Pegg and Frost are back in familiar territory playing a pair of British sci-fi geeks fulfilling a lifelong dream in attending the legendary Comic-Con in San Diego before renting an RV and setting off on a road trip across America’s UFO heartland. A speeding car careers off the road across their path and out from the wreckage appears Paul, a wise-cracking, foul-mouthed alien in the classic ‘grey’ tradition of all the famous faked alien autopsy footage. Paul’s on the run and our two heroes find themselves rushing across the States with Men in Black in hot pursuit determined to track down the escaped extra-terrestrial.
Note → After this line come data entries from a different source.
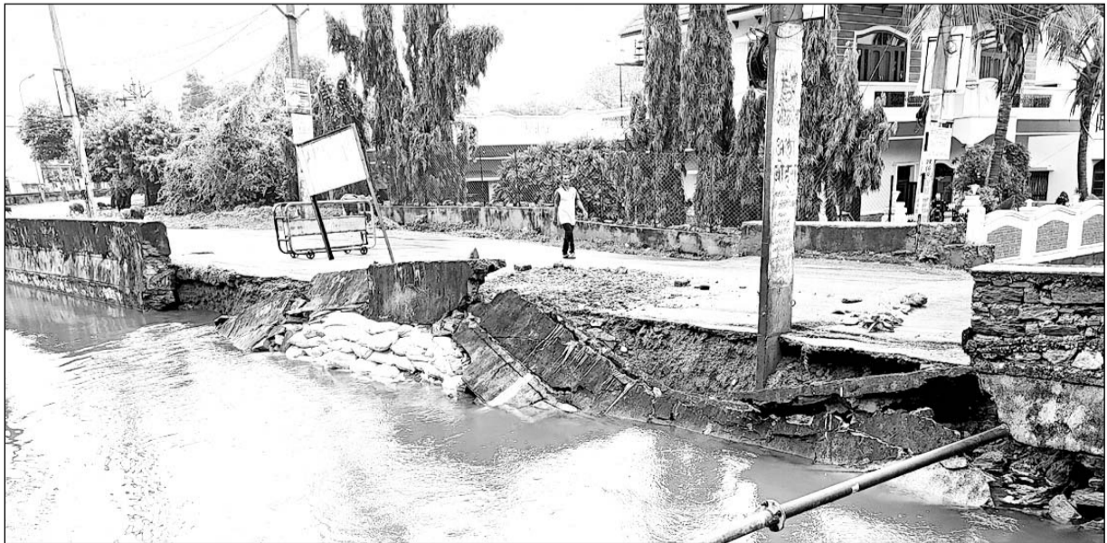
उदयपुर की मदार नहर के बुधवार को ढहे हिस्से की पूरी दीवार गुरुवार को भी धंस गई।

उदयपुर, (कासं)। शहर के नीमचखेड़ा पुलिया के समीप बुधवार को क्षतिग्रस्त हुई मदार नहर के दीवार का कुछ हिस्सा धंसने के बाद गुरुवार को हिस्से के आगे की दीवार भी ढहकर पानी में गिर गई। इधर पानी की आवक बढ़ने पर अब नहर का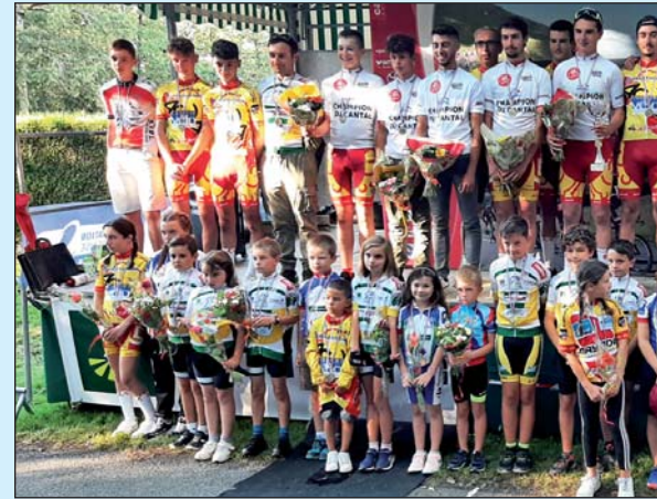
... et les futurs champions cy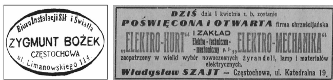
Rys. 7. Od lewej: Pieczęć owalna instalatora Zygmunta Bożka; Reklama

• Biuro Instalacji Siły i Światła Zygmunt Bożek w Częstochowie (ul. Limanowskiego 114) – wykonywało naprawy sprzętu elektrycznego oraz instalacje domowe i przemysłowe (rys. 7).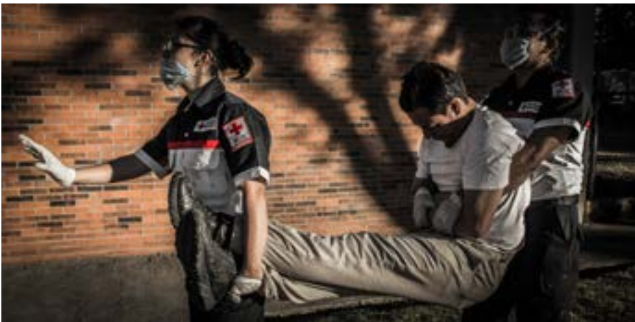
Imagen 6.7. Aplicación de Routeck por dos elementos.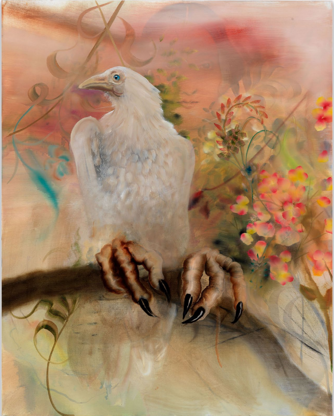
Exit , 2021, Oil on canvas 76 x 61 cm | 30 x 24 inches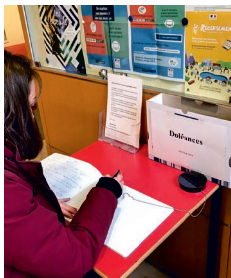
Accueil de la mairie : les Ovillois peuvent s'exprimer sur le cahier de doléances mis à leur disposition.

À l'initiative du président de la République, le gouvernement a engagé un grand débat national permettant à toutes et à tous de débattre de questions essentielles pour les Français. À vos côtés au quotidien, la municipalité a souhaité vous permettre de vous exprimer dans ce cadre. Ainsi, elle a mis à votre disposition un « cahier de doléances » à l'accueil de la mairie ainsi que sur le site Internet de la Ville, où chaque citoyen peut inscrire ses suggestions autour des questions du pouvoir d'achat, de la fiscalité, de la démocratie et de l'environnement. Par ailleurs, les Ovillois sont conviés à une réunion publique d'échanges libres et impartiaux, le samedi 9 février, à 9h30, salle Cassin (1, rue Jean-Mermoz). ■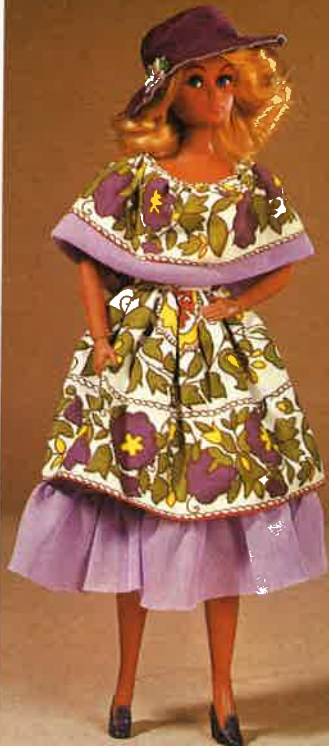
1704 Schickes Tanzkleid mit Volant und passendem Hut, Schuhe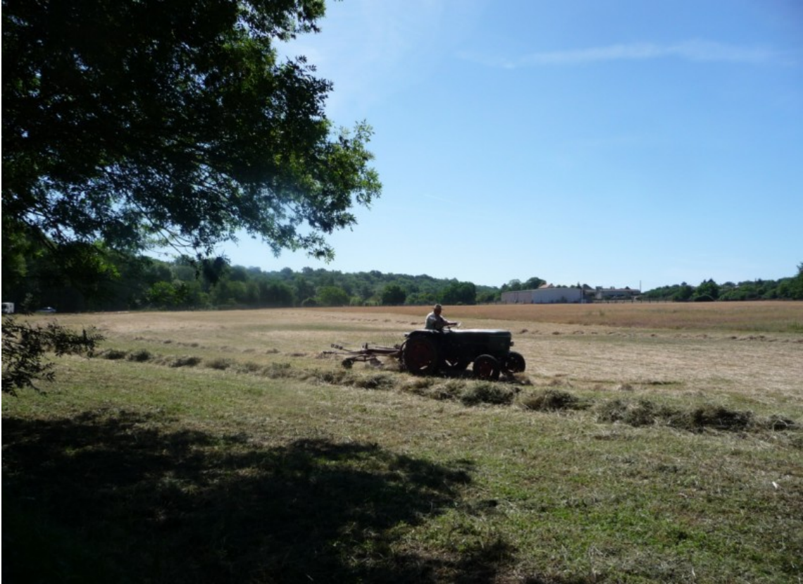
Photo 15 Vue nord sud sur la « Varenne » prairies en cours de fenaison en rive gauche du Clain, une ambiance particulièrement champêtre en pleine agglomération.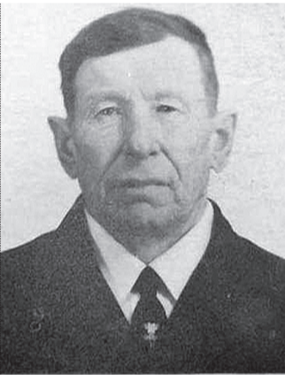
И.И. ЛЕПЕШКИН.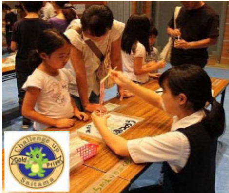
「自分発見！」チャレンジup さいたま

また、学校と地域が連携・協働して未来を担う子どもたちをはぐくむためには、地域が学校を育て、学校が地域を育てる「学校を核とした地域づくり」を構築し、潜在している地域の教育力を学校に呼び込むことが必要です。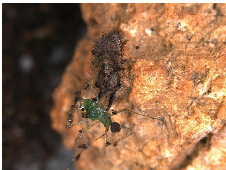
Maschio Larva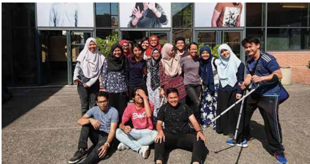
↑ Étudiants malaisiens du programme Malaisie, Cavilam, Vichy.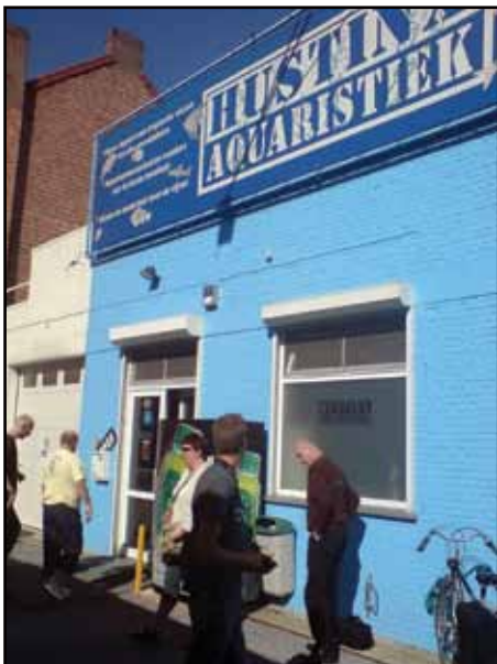
Hustinx Aquaristiek, Hasselt Belgien.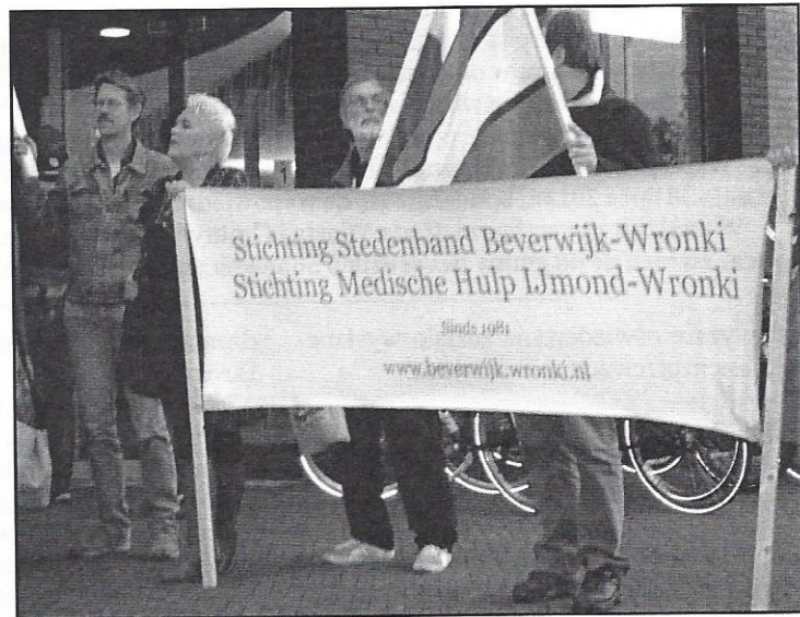
Milczący protest z flagami Polski i Wronek przed budynkiem Ratusza w Beverwijk w dniu 3 października 2013 r.

It’s good to see Pegg and Frost back on screen (in a script they co-wrote) not only because they work so well together but also because they seem to do their best work together. Pegg’s solo work can be hit and miss; for every Run Fatboy Run there’s a stinker like Burke and Hare and his misjudged comic interpretation of Scotty in the first new Star Trek movie threatened to unbalance a decent reinvention of a stodgy franchise. Frost is scarcely leading man material but he offers up decent support in films such as the otherwise dire Boat That Rocked and the recent Attack the Block and gave a good account of himself in Money on BBC2 last year. But the on-screen partnership created in TV’s Spaced is where the magic really happens and they’re both on top form in Paul where they only slightly compromise their comic sensibilities for a broader American audience in a mainstream American movie.
Paul is clearly a labour of love for Pegg and Frost, allowing them to slip easily back into their preferred nerdy sci-fi fan boy personas and their script is littered with references to the most influential SF films of the last thirty years from Star Wars, Aliens and Close Encounters via a cheeky recreation of a famous cheesy scene from the original Star Trek TV series. Some of the running gags are more obvious and less subtle but the film never slips too far into American Pie crudity despite the inevitable strong language and some of Paul’s gross-out behaviour. Paul himself is a masterpiece of special effects, CGI so convincing that it’s easy to forget that he generally didn’t exist as a physical presence during the filming. The animation is flawless and intricately-detailed with Seth Rogen’s vocal performance giving a potentially-unattractive character a real warmth and, ironically, real humanity.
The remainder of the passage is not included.